I've never been one for romance novels, at least, not straight up romance romance. I won't turn down some Jamie Fraser, but the bodice rippers have never been my thing. (And before we go further, yes, Jamie Fraser rips his fair share of clothing, but I don't know, Outlander is more than just the sex.)

I do, however, love a good love story. I love two characters overcoming odds together, finding each other after finding themselves, choosing love and life. And I'm a sucker for a dashing hero paired with a gritty, independent heroine.

So in honor of Valentine's Day weekend, I present you with three of my favorite love stories.

Ride the Wind by Lucia St. Clair Robson

This is one of the best love stories you've never heard of. Based on the real life events of Cynthia Ann Parker, who was kidnapped by Comanche warriors when she was a child, Ride the Wind tells a tale of a white girl raised Comanche. She grows into a woman wholly a part of the Comanche tribe and falls in love with one of the tribe's leaders. This love story extends beyond the romance: it's a love story about the Comanche, about the land, about a way of life that died a long, long time ago. It's both beautiful and sad. Finish with some tissues on hand.

(The only caveat I have is that the cover art is cringe-worthy. Skip the cover and start at page one. You're welcome.)

These Is My Words by Nancy E. Turner

Sarah Prine makes a life for herself in the harsh Arizona territories. The strength of our heroine is well-matched with our hero. He may be my one of my top-favorite heroes ever. Read with a box of tissues. You'll hate me for insisting you read it, and you'll love me at the same time. (My cousin at one point threw the book across the room--that's how many feelings we're dealing with here.)

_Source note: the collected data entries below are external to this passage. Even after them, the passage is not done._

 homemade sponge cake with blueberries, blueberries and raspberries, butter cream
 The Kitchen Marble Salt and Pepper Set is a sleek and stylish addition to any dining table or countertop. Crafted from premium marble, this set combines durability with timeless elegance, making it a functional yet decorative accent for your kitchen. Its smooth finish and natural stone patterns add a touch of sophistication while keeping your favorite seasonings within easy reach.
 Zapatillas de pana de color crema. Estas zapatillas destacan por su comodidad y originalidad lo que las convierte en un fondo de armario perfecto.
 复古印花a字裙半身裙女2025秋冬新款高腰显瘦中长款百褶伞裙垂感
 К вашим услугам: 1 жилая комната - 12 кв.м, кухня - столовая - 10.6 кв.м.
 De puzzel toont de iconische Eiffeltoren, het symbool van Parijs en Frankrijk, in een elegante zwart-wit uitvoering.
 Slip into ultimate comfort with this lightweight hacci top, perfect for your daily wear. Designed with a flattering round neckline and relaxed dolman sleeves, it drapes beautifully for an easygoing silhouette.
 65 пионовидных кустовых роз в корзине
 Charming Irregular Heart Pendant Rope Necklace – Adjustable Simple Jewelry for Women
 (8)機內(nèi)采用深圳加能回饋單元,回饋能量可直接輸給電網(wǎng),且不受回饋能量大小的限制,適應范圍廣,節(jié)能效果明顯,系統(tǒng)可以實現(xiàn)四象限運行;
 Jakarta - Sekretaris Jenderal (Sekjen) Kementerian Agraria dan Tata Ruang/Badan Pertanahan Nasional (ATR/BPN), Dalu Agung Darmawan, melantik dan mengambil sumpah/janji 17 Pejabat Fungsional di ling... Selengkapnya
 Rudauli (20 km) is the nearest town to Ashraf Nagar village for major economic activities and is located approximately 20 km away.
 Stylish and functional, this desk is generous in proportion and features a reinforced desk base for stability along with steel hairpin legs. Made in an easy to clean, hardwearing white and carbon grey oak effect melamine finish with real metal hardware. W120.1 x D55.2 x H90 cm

Castle of Water by Dane Huckelbridge

This book was the hit of summer 2017. Two people survive a plane crash and end up on the same deserted island. They learn to survive, and eventually they learn to thrive. I gobbled this book up in a couple of days and--I'm sensing a theme here--make sure the tissues are close by.

A couple of questions for you:
1) Do you like love stories? Romances?
2) How do you feel about love stories threaded with sorrow? Those may be some of my favorite ones. I love feeling happy and giddy in a love story, but a story sticks with me more when it has some sorrow to it.